### Material provided
————————
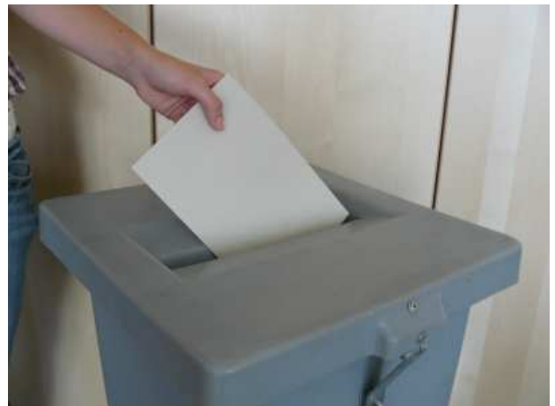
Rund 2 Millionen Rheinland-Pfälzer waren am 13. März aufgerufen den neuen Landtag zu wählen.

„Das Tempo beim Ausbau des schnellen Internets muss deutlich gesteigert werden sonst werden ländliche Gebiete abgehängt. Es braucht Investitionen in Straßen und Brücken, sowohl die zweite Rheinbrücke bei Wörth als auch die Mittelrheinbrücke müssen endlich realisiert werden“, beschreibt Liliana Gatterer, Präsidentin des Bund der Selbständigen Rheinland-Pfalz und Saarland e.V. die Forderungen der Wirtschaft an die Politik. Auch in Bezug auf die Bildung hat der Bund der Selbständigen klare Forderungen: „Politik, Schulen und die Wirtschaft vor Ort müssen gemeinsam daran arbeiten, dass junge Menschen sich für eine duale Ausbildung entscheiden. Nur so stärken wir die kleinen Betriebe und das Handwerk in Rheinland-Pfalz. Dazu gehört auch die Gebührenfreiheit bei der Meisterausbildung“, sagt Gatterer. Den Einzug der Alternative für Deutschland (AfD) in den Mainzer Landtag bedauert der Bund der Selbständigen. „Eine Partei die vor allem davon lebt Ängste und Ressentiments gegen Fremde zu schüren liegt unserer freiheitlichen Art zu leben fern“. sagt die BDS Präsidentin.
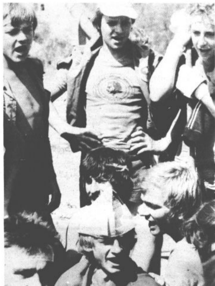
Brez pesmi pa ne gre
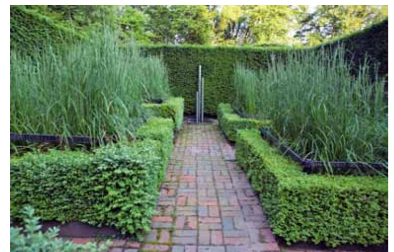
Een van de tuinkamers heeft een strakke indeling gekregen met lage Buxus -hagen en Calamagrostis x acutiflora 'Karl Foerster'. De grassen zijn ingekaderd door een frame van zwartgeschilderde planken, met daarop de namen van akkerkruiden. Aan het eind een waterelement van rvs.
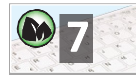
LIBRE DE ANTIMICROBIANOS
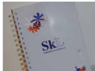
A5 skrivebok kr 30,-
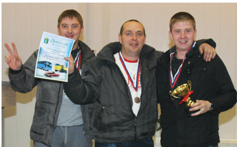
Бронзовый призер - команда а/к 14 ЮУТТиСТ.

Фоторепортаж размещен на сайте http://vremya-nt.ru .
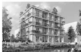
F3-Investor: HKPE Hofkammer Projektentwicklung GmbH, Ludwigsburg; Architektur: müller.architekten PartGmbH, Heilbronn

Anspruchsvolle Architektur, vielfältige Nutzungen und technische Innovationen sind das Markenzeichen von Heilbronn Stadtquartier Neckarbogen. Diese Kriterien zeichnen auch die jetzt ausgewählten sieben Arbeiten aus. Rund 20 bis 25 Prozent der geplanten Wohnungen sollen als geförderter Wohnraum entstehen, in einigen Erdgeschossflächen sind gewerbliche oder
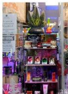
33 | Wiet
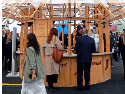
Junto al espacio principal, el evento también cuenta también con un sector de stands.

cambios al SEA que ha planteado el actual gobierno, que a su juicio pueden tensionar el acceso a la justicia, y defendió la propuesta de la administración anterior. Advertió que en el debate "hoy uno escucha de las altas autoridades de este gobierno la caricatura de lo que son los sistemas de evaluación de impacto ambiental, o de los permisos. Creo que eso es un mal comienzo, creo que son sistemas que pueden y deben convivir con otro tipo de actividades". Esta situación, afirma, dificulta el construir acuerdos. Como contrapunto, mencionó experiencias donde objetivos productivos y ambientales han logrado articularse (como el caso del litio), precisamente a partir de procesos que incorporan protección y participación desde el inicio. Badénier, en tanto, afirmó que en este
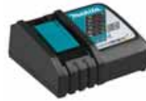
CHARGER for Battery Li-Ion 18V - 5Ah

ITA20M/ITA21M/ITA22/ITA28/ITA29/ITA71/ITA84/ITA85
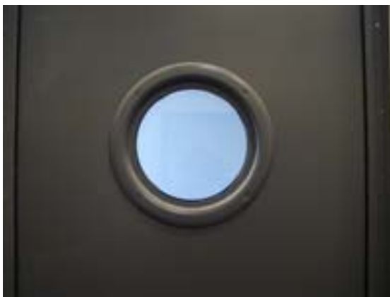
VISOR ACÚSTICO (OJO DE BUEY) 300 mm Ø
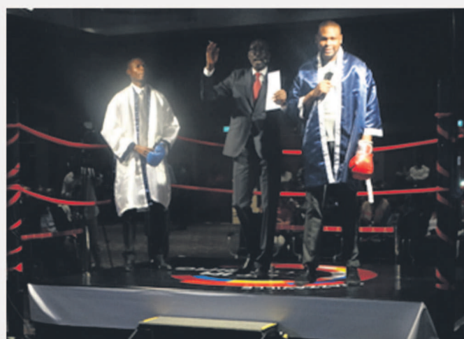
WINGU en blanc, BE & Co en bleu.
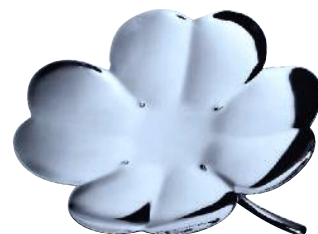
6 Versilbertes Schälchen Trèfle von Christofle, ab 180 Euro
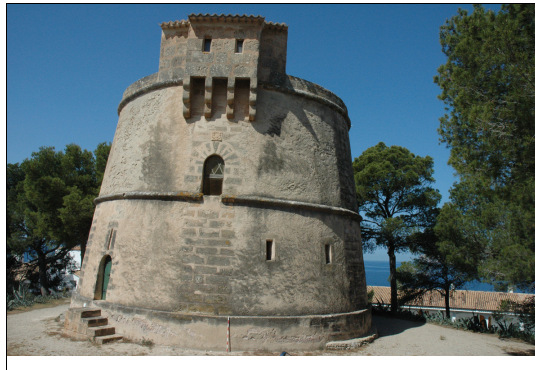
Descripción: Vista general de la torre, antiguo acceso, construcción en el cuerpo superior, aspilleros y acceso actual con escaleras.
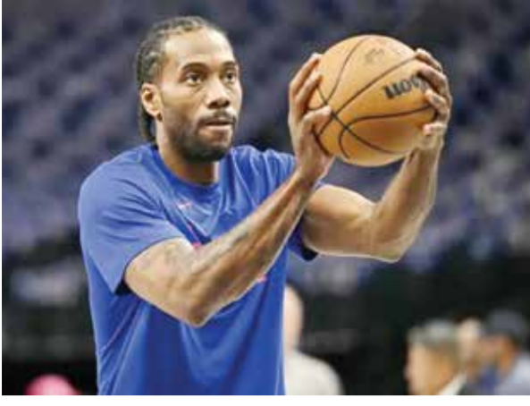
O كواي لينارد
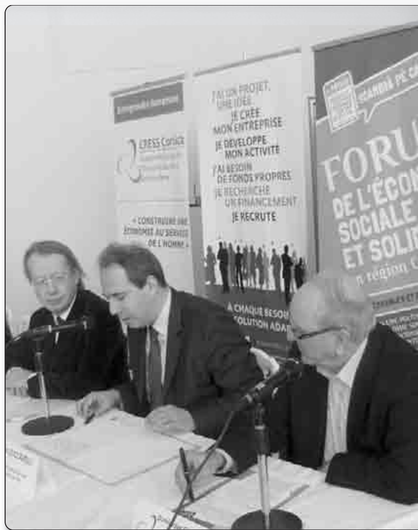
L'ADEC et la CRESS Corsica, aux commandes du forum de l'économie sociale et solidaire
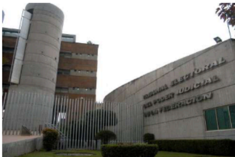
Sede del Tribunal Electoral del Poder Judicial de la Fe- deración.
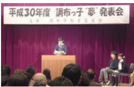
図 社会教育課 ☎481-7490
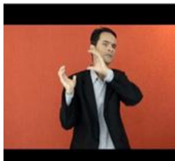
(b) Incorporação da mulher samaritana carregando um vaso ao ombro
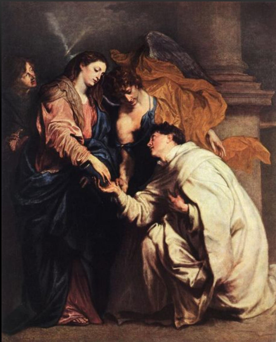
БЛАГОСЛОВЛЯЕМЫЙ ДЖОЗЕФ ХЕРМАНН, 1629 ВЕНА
————————
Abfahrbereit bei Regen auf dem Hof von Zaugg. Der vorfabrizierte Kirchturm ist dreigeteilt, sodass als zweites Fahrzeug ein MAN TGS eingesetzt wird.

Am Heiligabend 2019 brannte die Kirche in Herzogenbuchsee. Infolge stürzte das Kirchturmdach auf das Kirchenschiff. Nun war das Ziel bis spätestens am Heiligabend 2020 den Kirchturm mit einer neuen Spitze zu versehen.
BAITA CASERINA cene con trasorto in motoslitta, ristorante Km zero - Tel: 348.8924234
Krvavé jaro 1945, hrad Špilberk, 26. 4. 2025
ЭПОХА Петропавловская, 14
————————
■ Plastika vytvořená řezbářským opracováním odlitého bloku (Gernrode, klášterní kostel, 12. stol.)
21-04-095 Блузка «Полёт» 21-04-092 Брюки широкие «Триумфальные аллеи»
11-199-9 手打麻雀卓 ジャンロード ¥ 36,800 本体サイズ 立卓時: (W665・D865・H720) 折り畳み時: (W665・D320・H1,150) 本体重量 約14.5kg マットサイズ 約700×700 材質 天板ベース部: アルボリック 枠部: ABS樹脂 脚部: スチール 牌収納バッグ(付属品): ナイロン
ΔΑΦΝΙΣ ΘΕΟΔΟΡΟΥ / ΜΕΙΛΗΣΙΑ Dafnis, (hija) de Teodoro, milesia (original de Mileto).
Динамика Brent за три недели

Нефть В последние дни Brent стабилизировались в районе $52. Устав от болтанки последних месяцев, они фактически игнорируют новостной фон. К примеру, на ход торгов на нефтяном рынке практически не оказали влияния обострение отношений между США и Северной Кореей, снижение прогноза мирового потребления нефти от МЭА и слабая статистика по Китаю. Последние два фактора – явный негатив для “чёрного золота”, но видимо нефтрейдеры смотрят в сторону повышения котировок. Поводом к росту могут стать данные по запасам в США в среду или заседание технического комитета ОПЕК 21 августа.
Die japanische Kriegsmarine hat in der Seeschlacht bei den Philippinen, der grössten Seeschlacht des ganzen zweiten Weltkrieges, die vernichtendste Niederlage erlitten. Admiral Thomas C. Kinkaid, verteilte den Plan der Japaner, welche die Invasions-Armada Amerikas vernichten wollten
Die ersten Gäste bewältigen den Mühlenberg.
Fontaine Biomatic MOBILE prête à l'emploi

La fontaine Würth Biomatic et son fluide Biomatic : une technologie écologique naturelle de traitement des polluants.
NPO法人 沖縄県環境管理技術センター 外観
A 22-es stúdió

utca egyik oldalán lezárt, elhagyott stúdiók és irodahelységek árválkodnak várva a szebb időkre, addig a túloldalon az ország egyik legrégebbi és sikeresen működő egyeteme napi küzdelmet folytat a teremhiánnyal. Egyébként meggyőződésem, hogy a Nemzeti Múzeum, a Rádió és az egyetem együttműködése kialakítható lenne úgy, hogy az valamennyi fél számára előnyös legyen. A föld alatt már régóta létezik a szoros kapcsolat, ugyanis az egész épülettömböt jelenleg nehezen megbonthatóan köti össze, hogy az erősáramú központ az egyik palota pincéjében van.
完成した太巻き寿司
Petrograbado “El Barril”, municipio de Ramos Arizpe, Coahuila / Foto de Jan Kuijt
————————
From the line holding "Fontaine Biomatic MOBILE prête à l'emploi" to the line holding "A 22-es stúdió", inclusive, restate each line above exactly as written.

### Task result
Fontaine Biomatic MOBILE prête à l'emploi

La fontaine Würth Biomatic et son fluide Biomatic : une technologie écologique naturelle de traitement des polluants.
NPO法人 沖縄県環境管理技術センター 外観
A 22-es stúdió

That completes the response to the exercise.